Sleep Test
Wednesday, 7 September, 2016
Sleep Test

Sleep Test

Greetings everyone!

We hope all of you are enjoying our winter bliss and taking care of you and your loved ones. In doing so, remember to evaluate sleep and snoring concerns for everyone you treasure.

The dangers of sleep apnoea remain alarming, as medical links to other health issues are continuously presented. In this newsletter you’ll learn how sleep apnoea may increase the risk of silent strokes and lesions in the brain. Thus, medical researchers are suggesting that sleep apnoea be treated the same as other vascular risk factors, such as high blood pressure.

Many of our patients complain of partners who snore. What does snoring tell us? Snoring is no longer regarded as merely inconvenient for a bed partner.

It can be a sign of something much greater, such as the life threatening disease of untreated sleep apnoea. In addition, if you’ve been diagnosed with sleep apnoea already and are intolerant of the CPAP, we can help!! Please stop by our office or call us immediately so we restore your night time sleep and overall health.

The Danger of Untreated Sleep Apnoea

SOURCE: Harvard Medical School Family Health Guide ‘05 Everyone agrees that the breath-stopping type of snoring known as sleep apnoea isn’t a good thing — it disrupts your nighttime rest, makes you sleepy during the daytime, boosts blood pressure, and increases the chances of developing heart trouble. Just how bad is it?

Pretty bad, according to an extended study of almost 1,500 Spanish snorers. Researchers followed the men, who had been referred to a hospital sleep clinic, with yearly checkups.
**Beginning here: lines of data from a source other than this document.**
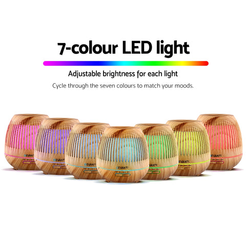 Modern life can be stressful and unforgiving, especially to your health. All the more that you should learn to relax and rejuvenate your senses to face the challenges. And that is where our Devanti Aroma Diffuser can help you, to restore and maintain your aura. With its wood grain design, the diffuser actually performs four functions in one device: humidifier, purifier, night light and aromatherapy. You can set the diffuser to work continuously for up to 12 hours by selecting your choice of intermittent or continuous mist modes. Not least, you can also adjust the level of brightness or select your desired night light colour with its 7-colour LED light to give you soothing hues all through the day or night.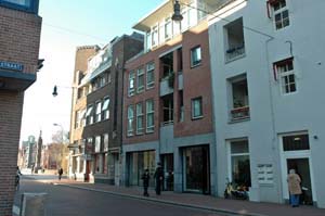 | Het rijtje op Visstraat noordzijde, waar midden in de gevelrij het pand, nummer 51, leeg staat. Daar wil Albert Heijn met een AH to go starten. foto © paul kriele, 13 februari 2008. |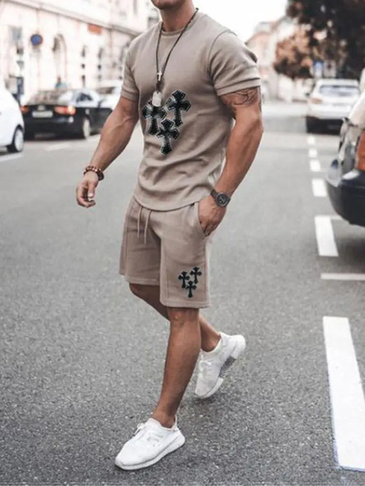 Модный мужской спортивный костюм из футболки и шортов, тренировочны...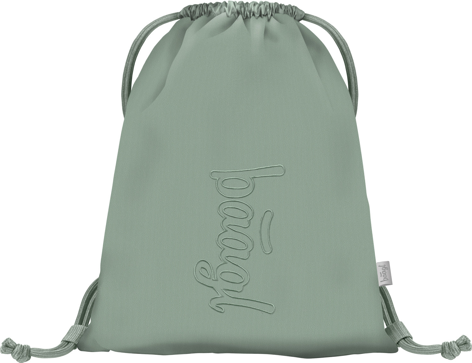 Mentholgrüner Turnbeutel mit BAAGL-Logo und robusten Kordeln für bequemen Transport.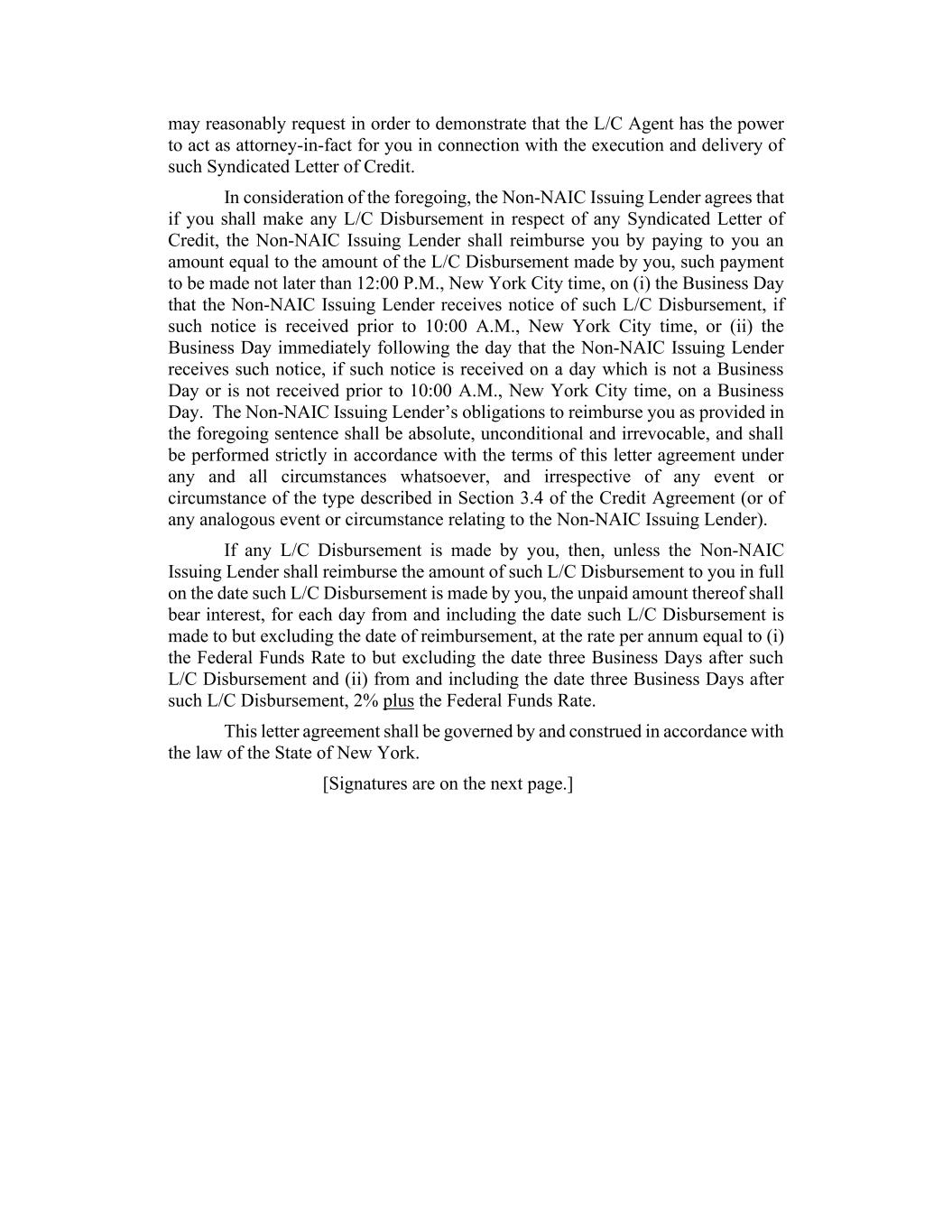 may reasonably request in order to demonstrate that the L/C Agent has the power to act as attorney-in-fact for you in connection with the execution and delivery of such Syndicated Letter of Credit. In consideration of the foregoing, the Non-NAIC Issuing Lender agrees that if you shall make any L/C Disbursement in respect of any Syndicated Letter of Credit, the Non-NAIC Issuing Lender shall reimburse you by paying to you an amount equal to the amount of the L/C Disbursement made by you, such payment to be made not later than 12:00 P.M., New York City time, on (i) the Business Day that the Non-NAIC Issuing Lender receives notice of such L/C Disbursement, if such notice is received prior to 10:00 A.M., New York City time, or (ii) the Business Day immediately following the day that the Non-NAIC Issuing Lender receives such notice, if such notice is received on a day which is not a Business Day or is not received prior to 10:00 A.M., New York City time, on a Business Day. The Non-NAIC Issuing Lender’s obligations to reimburse you as provided in the foregoing sentence shall be absolute, unconditional and irrevocable, and shall be performed strictly in accordance with the terms of this letter agreement under any and all circumstances whatsoever, and irrespective of any event or circumstance of the type described in Section 3.4 of the Credit Agreement (or of any analogous event or circumstance relating to the Non-NAIC Issuing Lender). If any L/C Disbursement is made by you, then, unless the Non-NAIC Issuing Lender shall reimburse the amount of such L/C Disbursement to you in full on the date such L/C Disbursement is made by you, the unpaid amount thereof shall bear interest, for each day from and including the date such L/C Disbursement is made to but excluding the date of reimbursement, at the rate per annum equal to (i) the Federal Funds Rate to but excluding the date three Business Days after such L/C Disbursement and (ii) from and including the date three Business Days after such L/C Disbursement, 2% plus the Federal Funds Rate. This letter agreement shall be governed by and construed in accordance with the law of the State of New York. [Signatures are on the next page.]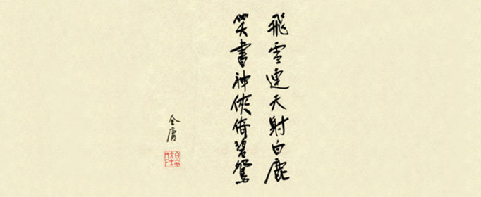 熟读金庸小说的人们很容易知道,这幅对联,是用金庸的十四部武侠小说书名的第一个字连缀而成的。事实上,这幅对联非常具有比喻意味,可以概括金庸、巴金、鲁迅的某些共点。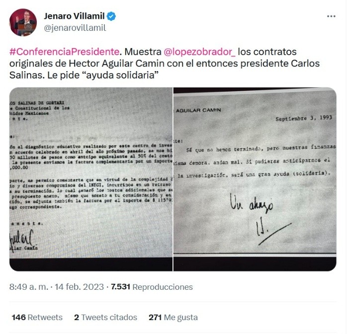 Este martes, el Presidente Andrés Manuel López Obrador reveló cartas en las cuales el escritor Héctor Aguilar Camín le pedía dinero al entonces presidente Carlos Salinas de Gortari (PRI) para realizar sus publicaciones."Pero cuando se enoja Salinas con él, porque se va Héctor con Zedillo, Salinas da a conocer cheques y cartas donde le pedía dinero Aguilar Camín a Salinas para sus publicaciones".En su conferencia "mañanera", el Mandatario exhibió un documento "recibo provisional" por 250 millones de viejos pesos firmado por Aguilar Camín, entonces presidente del Centro de Investigación Cultural y Científica, como primer pago de un estudio "El Desafío Educativo" fechado en abril de 1989.El Presidente señaló que el grupo de Aguilar Camín, junto con empresas españolas, eran los encargados de hacer los libros de texto gratuito.Luego mostró otro documento dirigido al expresidente Salinas, en el cual el escritor le informa que por la complejidad del estudio y compromisos con el Inegi, hubo un retraso de seis meses para su terminación y esto generó costos adicionales por 115 millones de viejos pesos y se adjunta "la factura correspondiente".Así como una tercera nota con el mensaje: "Presidente. Sé que no hemos terminado (el estudio), pero nuestras finanzas por la misma demora, andan mal. Si pudieras anticiparnos el saldo de la investigación será una gran ayuda (solidaria). Abrazo", con fecha de septiembre de 1993.Por último se mostró un cheque de caja por 364 millones de viejos pesos, con fecha de septiembre de 1990, a nombre de Héctor Aguilar Camín.JM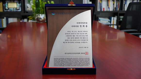 정희용 의원은 수상 소감에서 “장애인 단체와 지속적으로 소통하며 필요한 지원을 세심하게 챙겨왔다”며 “앞으로도 장애유형별 맞춤형 법안과 사업을 발굴하고, 장애인의 웃음이 가득한 사회를 만들겠다”고 밝혔다.
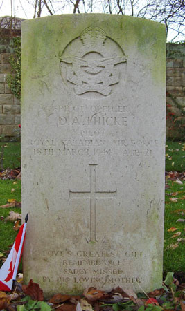 Douglas Thicke was the son of Frank and Margaret Thicke, of Ladysmith, British Columbia, Canada. Information regarding Doug Thicke's life and early flying career is not yet known. At the time of the fatal accident he was coming to the end of his Heavy Conversion Unit training with 1664 HCU and taking part in this raid with the Evans crew in preparation for him and his own crew joining an operational squadron. This flight, known as a "Dickie" flight was to give him operational experience, he was acting as second pilot to David Evans and would have flown in the foldable second pilot's seat in the cockpit of the aircraft. He was twenty one years old when he was killed in the crash near Kepwick Bank and was buried at Harrogate Stonefall Cemetery, Yorkshire.

All were offered the most successful treatment, called continuous positive airway pressure. It involves breathing through a face mask that delivers a stream of air into the nose. Many of the study volunteers decided not to use the device. After 10 years, the researchers tallied up how many of the men had suffered a heart attack or stroke, needed a procedure to bypass or open a clogged heart artery, or died from cardio-vascular disease. About 1 in 7 men (14%) fell into this camp.

Cardiovascular trouble was three times more likely in men with severe untreated sleep apnoea than it was in men with treated sleep apnoea. In fact, rates of heart trouble were about the same in men with treated apnoea as they were among simple snorers — who have noisy but regular breathing during sleep — and non-snorers. The results appeared in the March 19, 2005, Lancet.
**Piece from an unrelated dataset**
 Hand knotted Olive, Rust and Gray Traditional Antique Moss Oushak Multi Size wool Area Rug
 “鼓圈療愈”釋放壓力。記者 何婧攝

A somewhat related study from the Mayo Clinic indicated that people with sleep apnoea are more likely to die suddenly from a heart rhythm problem during sleeping hours. In the general population, such sudden deaths are most common in the few hours after waking.
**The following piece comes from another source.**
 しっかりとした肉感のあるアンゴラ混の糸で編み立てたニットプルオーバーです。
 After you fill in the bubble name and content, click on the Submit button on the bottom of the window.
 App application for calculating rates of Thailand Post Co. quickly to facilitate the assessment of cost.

Sleep Apnoea Ups Risk of Silent Strokes and Brain Lesions

SOURCE: American Heart Association, February, 2012 BIRMINGHAM, Ala. (Ivanhoe Newswire) – Here’s an eye-opener for those suffering from severe sleep apnoea. It may increase your risk of silent strokes and lesions in the brain.

People with sleep apnoea often experience a lack of oxygen reaching the brain, as well as other parts of the body. Strokes occur when blood—supplied by oxygen—doesn’t flow properly to the brain. “We found a surprisingly high frequency of sleep apnoea in patients with stroke that underlines its clinical relevance as a stroke risk factor," said Jessica Kepplinger, M.D., the study's lead researcher and stroke fellow in the Dresden University Stroke Center's Department of Neurology at the University of Technology in Dresden, Germany.

Patients for this study underwent overnight in-hospital testing for sleep apnoea. The participants were white with an average age of 67 and 54 percent of them were women. Magnetic resonance imaging and computerized tomography was used to determine silent strokes and white matter lesions within the volunteers. Kepplinger and her colleagues found that ninety-one percent (51 of 56) of the patients who had a stroke had sleep apnoea and were more likely to have silent strokes and white matter lesions that increased their risk of disability at hospital discharge. They also discovered more than one-third of the patients with white matter lesions had severe sleep apnoea and more than 50 percent of the silent stroke patients had sleep apnoea. Even though men were more likely to have silent infarctions, correlations between sleep apnoea and silent infarcts remained the same after adjustment for such gender differences.

Researchers suggested that sleep apnoea should be treated the same as other vascular risk factors such as high blood pressure. Kepplinger and her team plan to do more studies on sleep apnoea, particularly in high-risk patients with silent strokes and white matter lesions, to determine the impact of non-invasive ventilation and on short-term clinical outcome.